● **Exercise description**: Look in the material below for the line holding "12月美国天然气价格相较11". Set it down exactly, with each later line up to and including the line holding "File photo taken".

● **Records supplied**:
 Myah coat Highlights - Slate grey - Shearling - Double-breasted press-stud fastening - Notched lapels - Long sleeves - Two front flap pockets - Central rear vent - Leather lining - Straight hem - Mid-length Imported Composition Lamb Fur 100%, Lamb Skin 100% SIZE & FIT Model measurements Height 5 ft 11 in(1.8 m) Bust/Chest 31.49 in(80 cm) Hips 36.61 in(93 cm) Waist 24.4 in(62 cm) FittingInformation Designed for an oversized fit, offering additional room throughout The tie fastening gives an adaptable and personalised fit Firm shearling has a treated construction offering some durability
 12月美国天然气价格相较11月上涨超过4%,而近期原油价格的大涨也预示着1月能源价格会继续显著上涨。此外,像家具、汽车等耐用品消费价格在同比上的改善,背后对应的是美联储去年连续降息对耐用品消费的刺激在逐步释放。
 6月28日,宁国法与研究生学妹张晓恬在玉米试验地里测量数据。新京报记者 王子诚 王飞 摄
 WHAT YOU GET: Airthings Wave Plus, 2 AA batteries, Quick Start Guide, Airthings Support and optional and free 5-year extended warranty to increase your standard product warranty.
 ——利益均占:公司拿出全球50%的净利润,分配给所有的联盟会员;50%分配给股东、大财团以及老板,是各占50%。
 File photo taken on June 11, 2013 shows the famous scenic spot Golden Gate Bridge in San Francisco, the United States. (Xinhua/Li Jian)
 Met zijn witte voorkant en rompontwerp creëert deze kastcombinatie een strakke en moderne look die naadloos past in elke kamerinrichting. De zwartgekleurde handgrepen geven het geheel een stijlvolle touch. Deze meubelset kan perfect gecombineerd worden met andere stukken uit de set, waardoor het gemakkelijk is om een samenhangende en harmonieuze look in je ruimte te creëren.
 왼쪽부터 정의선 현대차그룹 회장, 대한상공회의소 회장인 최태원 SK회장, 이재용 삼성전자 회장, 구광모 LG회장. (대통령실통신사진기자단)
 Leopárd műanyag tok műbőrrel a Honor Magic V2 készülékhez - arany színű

==

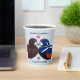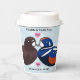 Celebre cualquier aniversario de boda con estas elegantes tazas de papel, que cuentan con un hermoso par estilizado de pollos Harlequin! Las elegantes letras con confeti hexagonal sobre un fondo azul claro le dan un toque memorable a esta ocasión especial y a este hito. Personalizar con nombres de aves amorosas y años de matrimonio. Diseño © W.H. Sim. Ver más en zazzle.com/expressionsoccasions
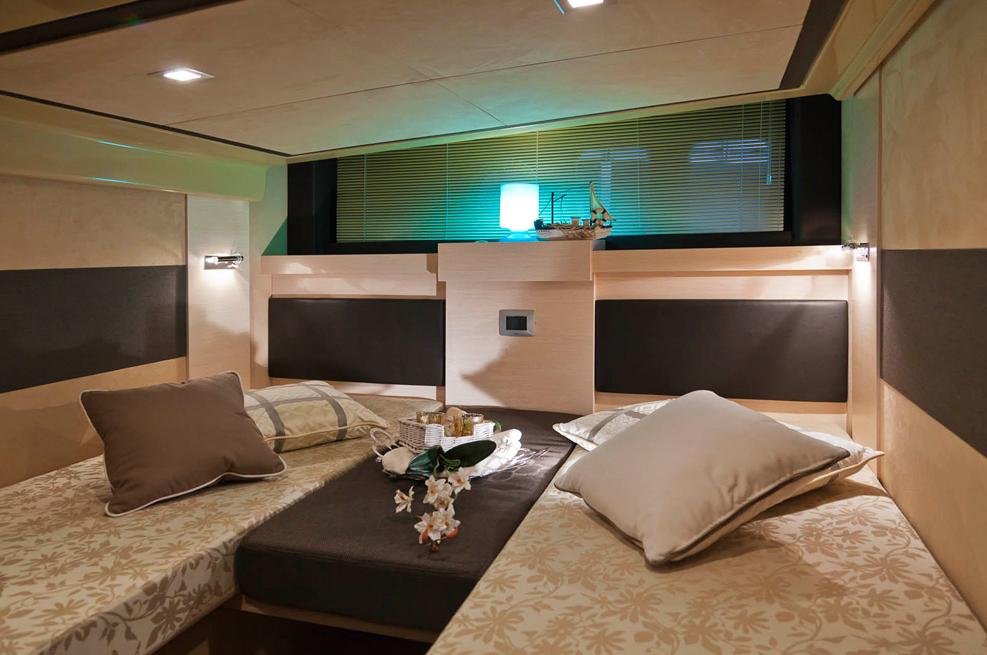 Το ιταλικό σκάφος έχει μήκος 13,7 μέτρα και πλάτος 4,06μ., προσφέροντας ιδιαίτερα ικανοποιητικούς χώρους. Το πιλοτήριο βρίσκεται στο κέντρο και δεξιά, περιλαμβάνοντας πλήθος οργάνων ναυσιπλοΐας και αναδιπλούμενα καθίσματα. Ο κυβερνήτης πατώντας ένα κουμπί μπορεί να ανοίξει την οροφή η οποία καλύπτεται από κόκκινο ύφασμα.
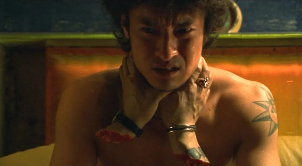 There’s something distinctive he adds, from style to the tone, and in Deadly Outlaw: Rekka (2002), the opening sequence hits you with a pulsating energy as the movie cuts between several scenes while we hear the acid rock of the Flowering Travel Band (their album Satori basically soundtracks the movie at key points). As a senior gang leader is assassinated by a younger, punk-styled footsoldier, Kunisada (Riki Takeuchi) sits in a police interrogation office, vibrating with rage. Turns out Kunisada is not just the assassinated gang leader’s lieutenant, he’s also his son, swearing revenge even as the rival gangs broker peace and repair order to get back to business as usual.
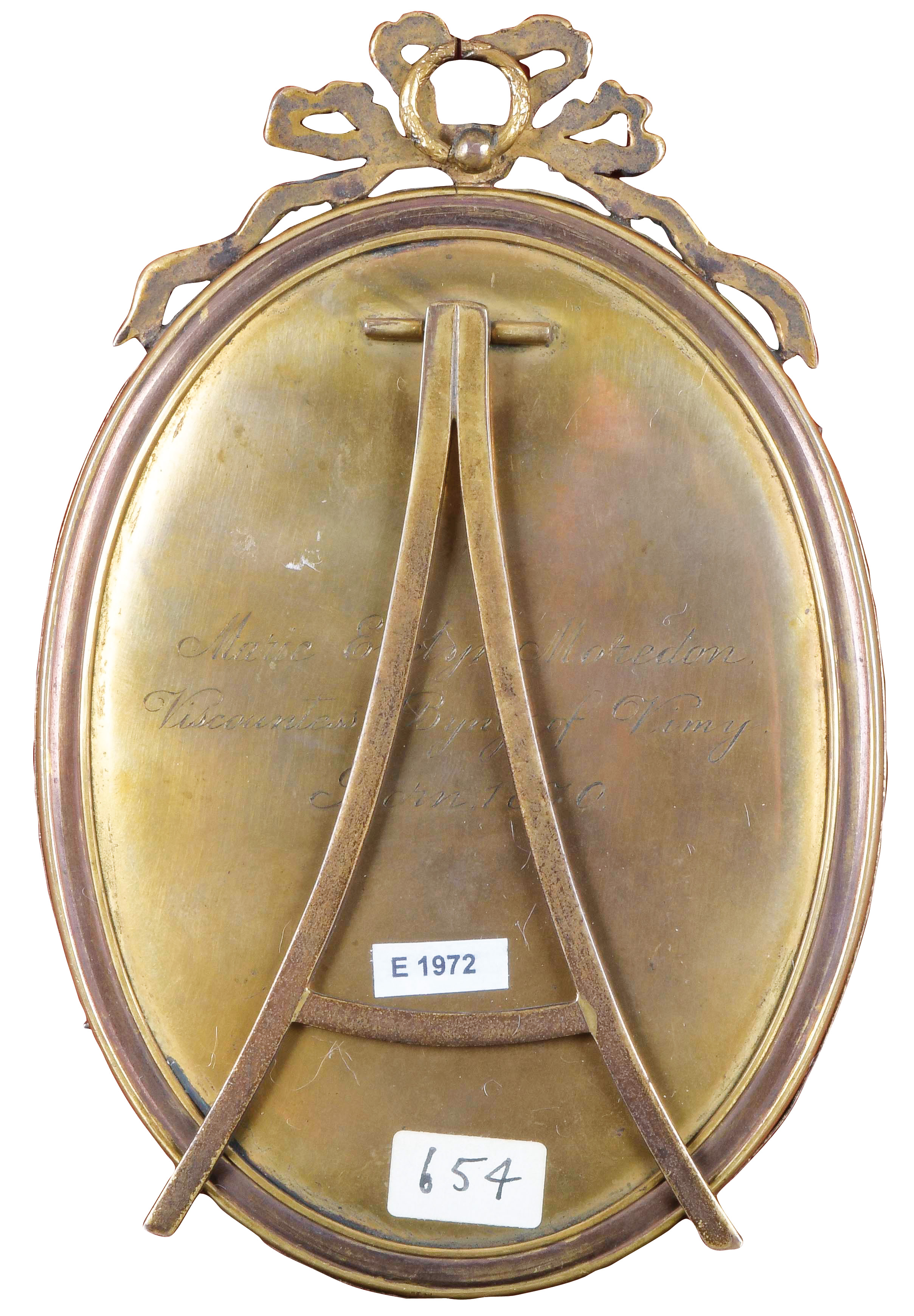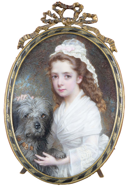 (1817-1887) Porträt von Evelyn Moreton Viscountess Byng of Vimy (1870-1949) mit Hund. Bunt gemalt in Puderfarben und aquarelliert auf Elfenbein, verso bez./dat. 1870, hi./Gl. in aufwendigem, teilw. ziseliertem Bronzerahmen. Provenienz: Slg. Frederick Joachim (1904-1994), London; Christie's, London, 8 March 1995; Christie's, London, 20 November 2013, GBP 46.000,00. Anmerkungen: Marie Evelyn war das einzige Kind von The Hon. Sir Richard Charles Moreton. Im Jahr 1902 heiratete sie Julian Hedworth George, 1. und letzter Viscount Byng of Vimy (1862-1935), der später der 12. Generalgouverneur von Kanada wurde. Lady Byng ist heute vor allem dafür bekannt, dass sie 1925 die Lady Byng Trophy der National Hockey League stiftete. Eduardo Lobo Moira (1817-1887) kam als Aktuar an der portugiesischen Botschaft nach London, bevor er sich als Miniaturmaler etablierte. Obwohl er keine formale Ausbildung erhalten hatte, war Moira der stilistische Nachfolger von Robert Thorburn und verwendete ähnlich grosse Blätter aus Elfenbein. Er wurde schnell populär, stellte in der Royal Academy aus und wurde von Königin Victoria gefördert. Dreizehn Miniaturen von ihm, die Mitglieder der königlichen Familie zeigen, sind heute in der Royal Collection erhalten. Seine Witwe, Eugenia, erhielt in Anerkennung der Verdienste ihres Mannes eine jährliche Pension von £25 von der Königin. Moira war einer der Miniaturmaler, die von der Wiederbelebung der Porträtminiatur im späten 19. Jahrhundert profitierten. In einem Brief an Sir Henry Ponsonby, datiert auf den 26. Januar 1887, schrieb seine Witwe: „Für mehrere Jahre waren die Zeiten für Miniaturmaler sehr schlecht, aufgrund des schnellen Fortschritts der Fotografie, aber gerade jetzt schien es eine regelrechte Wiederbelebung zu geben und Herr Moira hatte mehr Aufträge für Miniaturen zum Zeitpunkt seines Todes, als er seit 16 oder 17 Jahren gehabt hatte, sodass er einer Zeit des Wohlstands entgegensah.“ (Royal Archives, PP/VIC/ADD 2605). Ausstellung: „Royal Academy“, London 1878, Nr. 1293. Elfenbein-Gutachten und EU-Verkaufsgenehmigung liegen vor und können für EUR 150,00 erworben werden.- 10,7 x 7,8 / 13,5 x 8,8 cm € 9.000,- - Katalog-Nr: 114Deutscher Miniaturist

● **Answer area**:
 12月美国天然气价格相较11月上涨超过4%,而近期原油价格的大涨也预示着1月能源价格会继续显著上涨。此外,像家具、汽车等耐用品消费价格在同比上的改善,背后对应的是美联储去年连续降息对耐用品消费的刺激在逐步释放。
 6月28日,宁国法与研究生学妹张晓恬在玉米试验地里测量数据。新京报记者 王子诚 王飞 摄
 WHAT YOU GET: Airthings Wave Plus, 2 AA batteries, Quick Start Guide, Airthings Support and optional and free 5-year extended warranty to increase your standard product warranty.
 ——利益均占:公司拿出全球50%的净利润,分配给所有的联盟会员;50%分配给股东、大财团以及老板,是各占50%。
 File photo taken on June 11, 2013 shows the famous scenic spot Golden Gate Bridge in San Francisco, the United States. (Xinhua/Li Jian)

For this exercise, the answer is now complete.